In a previous paragraph, I mentioned the case of the two Israeli kids Itay Huri and Yarden Bidani and a few other cases of DDoS attacks.
These cases and the plethora of DDoS attack cases that we read about on the Internet and other places, should serve as an eye-opener for all institutions in Liberia. Just because we are a small and poor country in Africa does not preclude us from DDoS attacks or any other cyber-attack. Who knows, maybe some of our institutions have already being attacked but for the fear of damaging their reputation, have refused to publicize this experience.
Around the world, some companies and now countries (USA, Russia, China, North Korea, et al) try to fight back in their own ways; this may not be legal (for companies; I don’t know about countries). But when faced with a DDoS attack as an individual or a company, the best thing to do is to report the attack to security officials or maybe local regulators. I want to assume these agencies have the mechanism in place to track, combat and defeat these culprits.
In Liberia a lot of folks take cybersecurity for granted. These folks believe that cyber attackers do not care about a poor country like Liberia when they can loot more from affluent nations and institutions. This is entirely untrue. Cyber criminals do attack countries like Liberia; that is if we have not already been attacked, as I assumed above. But be that as it may, we must all ensure that our computers systems and networks connected to the internet are secure. Also, whenever we are attacked, we must ensure that the proper mechanisms are applied to avoid a repetition or propagation of such event. Like we say in Liberia: “no shame face inside oooh.”

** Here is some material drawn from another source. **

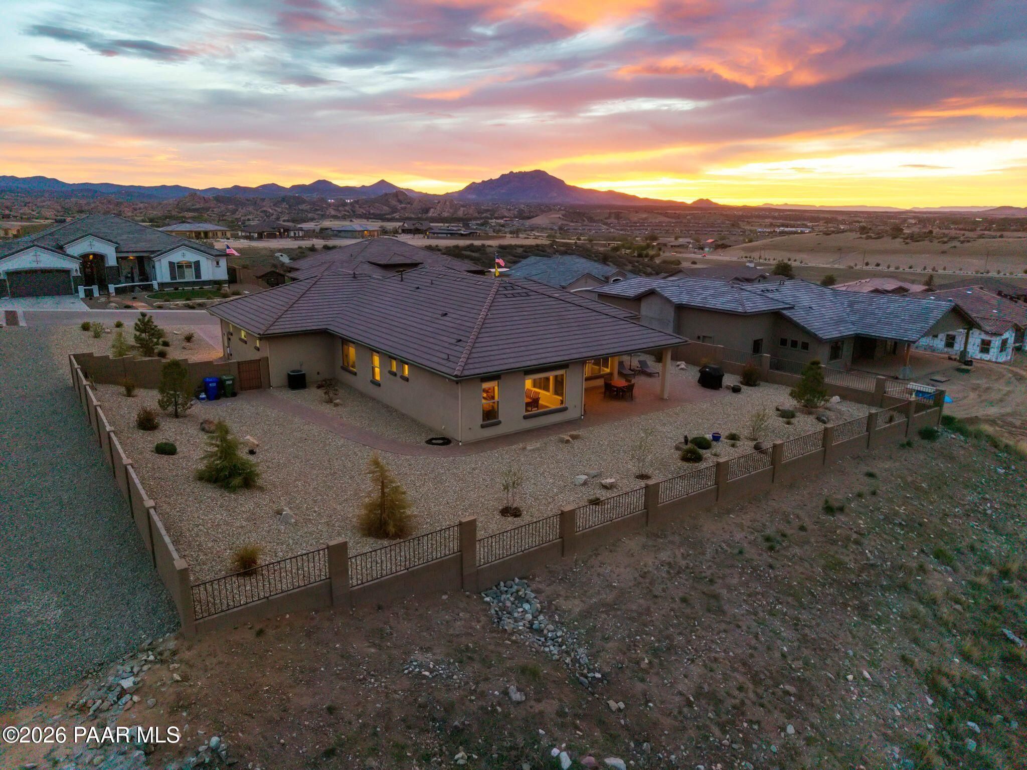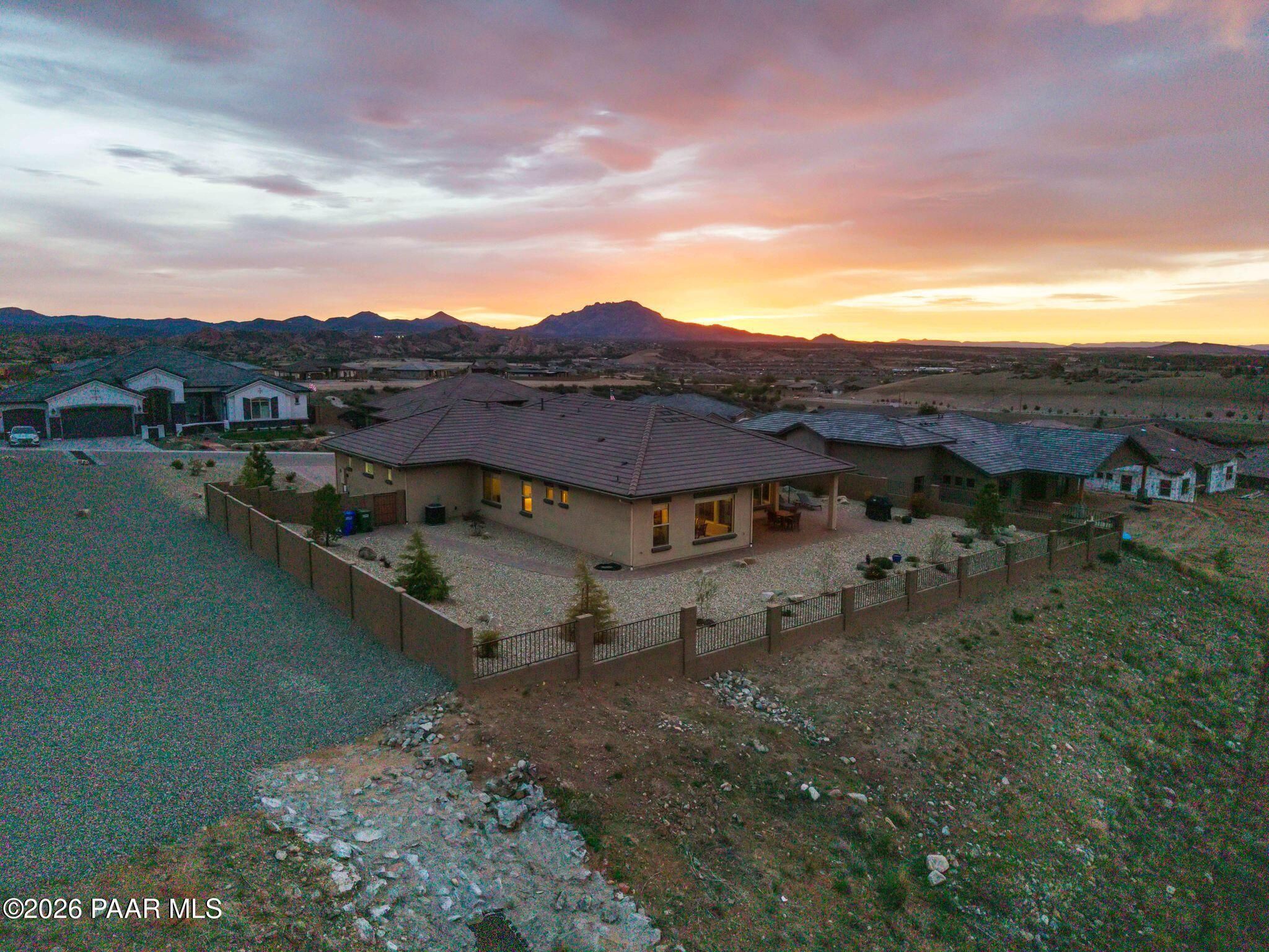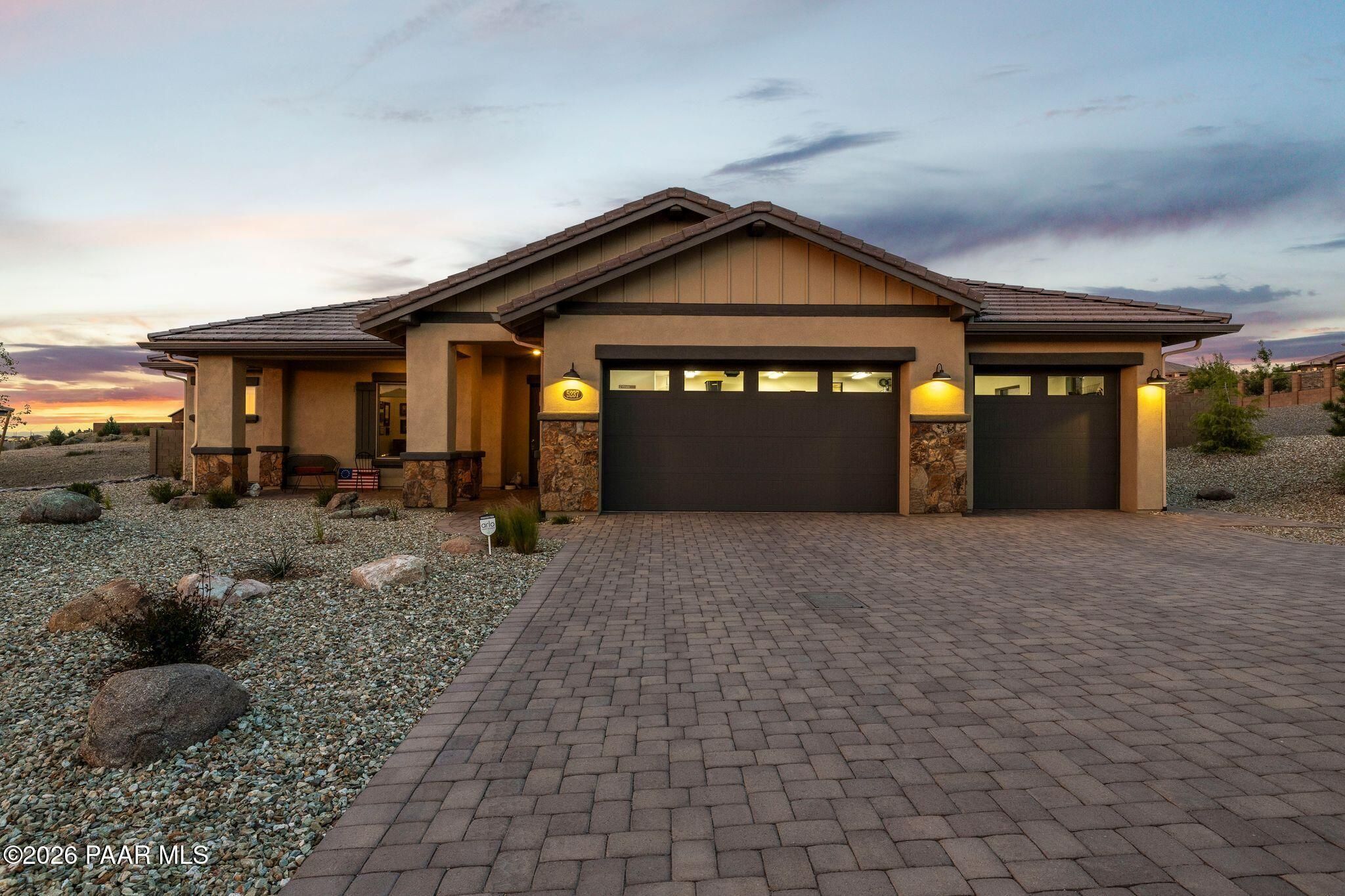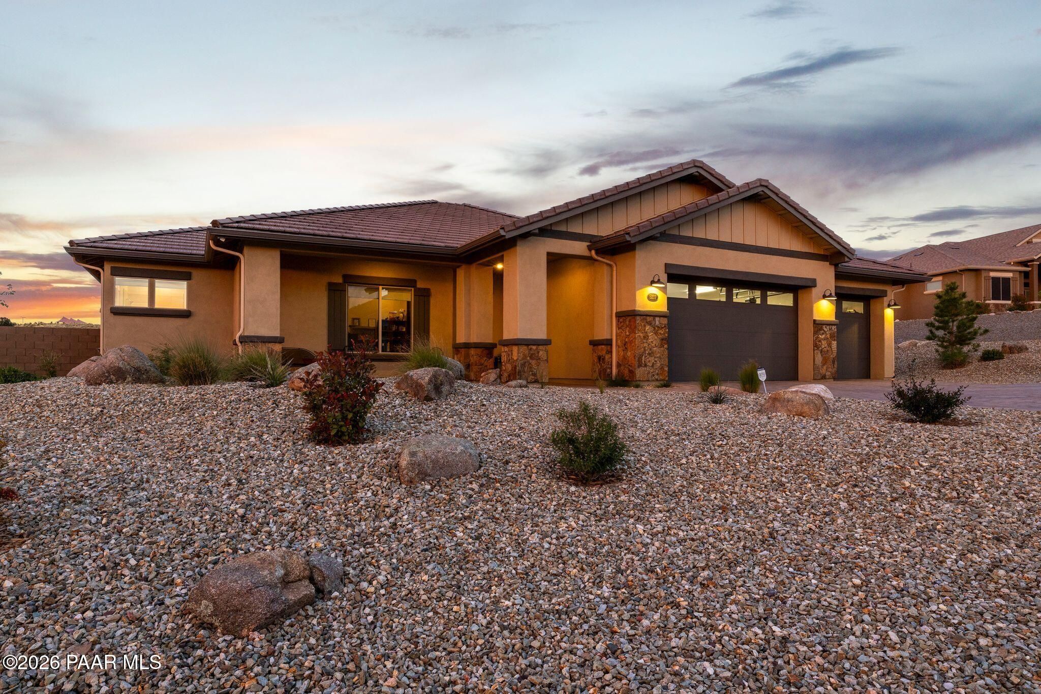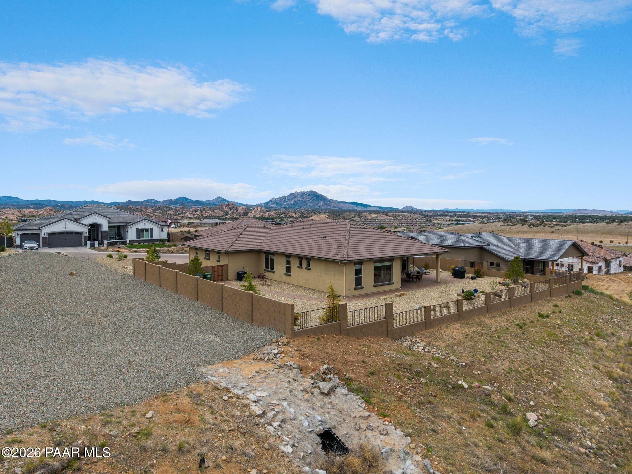 Discover the pinnacle of luxury living in the highly coveted, prestigious, and secure gated community of Granite Dells Estates. This stunning custom-built residence, meticulously crafted by the renowned Stoddard Lifestyle Homes, offers an unparalleled, absolutely turnkey experience, ready for immediate occupancy. Spanning 2,322 square feet of thoughtfully designed interior space, this home exudes pure elegance and functionality. The layout features three spacious bedrooms and three full bathrooms, including two luxurious ensuites, providing comfort and privacy for residents and guests alike. The heart of the home is an expansive, open-concept great room, perfect for entertaining or relaxing. Anchored by a cozy gas fireplace, this grand space flows seamlessly into the gourmet chef's kitchen. The state-of-the-art kitchen is a culinary enthusiast's dream. It boasts a spacious dining area and a massive center island, which is not only a functional workspace but also a stylish focal point, featuring a durable, low-maintenance granite composite sink. Premium features include a convenient wine refrigerator, elegant glass door display cabinets, and top-of-the-line stainless steel appliances. Just off the kitchen, a versatile butler's pantry or dedicated hobby room provides invaluable additional flexible and functional living space, perfect for extra storage, prep work, or pursuing creative projects. No detail has been overlooked in the selection of high-end finishes. The home showcases stunning, smooth quartz countertops, elegant white custom cabinetry complemented by sleek stainless steel hardware, and sophisticated under cabinet lighting to create a warm ambiance. The main living areas feature exquisite, durable planked tile floors that offer both beauty and ease of maintenance. Perhaps the most captivating feature is the home's connection to nature. Massive picture windows span the entire back of the residence, framing and offering breathtaking, unobstructed, and protected open space views that create a serene and private backdrop for everyday living. Capping off this exquisite property is a truly exceptional amenity: an oversized, five-car garage. Spanning over 1,000 square feet, this substantial space provides ample room for multiple vehicles, storage, a workshop, and all your recreational equipment, appealing to collectors and hobbyists alike. This Granite Dells Estates home is a masterpiece of custom construction, blending luxurious finishes, modern functionality, and unparalleled views into a perfect residential retreat.

Finally, I serve as the President of the Internet Society Chapter of Liberia. The Guiding principle of the Internet Society is “Internet Access for all.” Thus, it is the responsibility of the Chapter to ensure that access to Internet is available. We have the responsibility to expose those ills or malpractices that hinder internet access and create national awareness. When and if we discover things like DDoS attacks or any malpractice that impacts our economy or national security we have a responsibility to ensure that right security authorities are informed. For now, we try to create awareness so that we don’t fall victim as have other countries.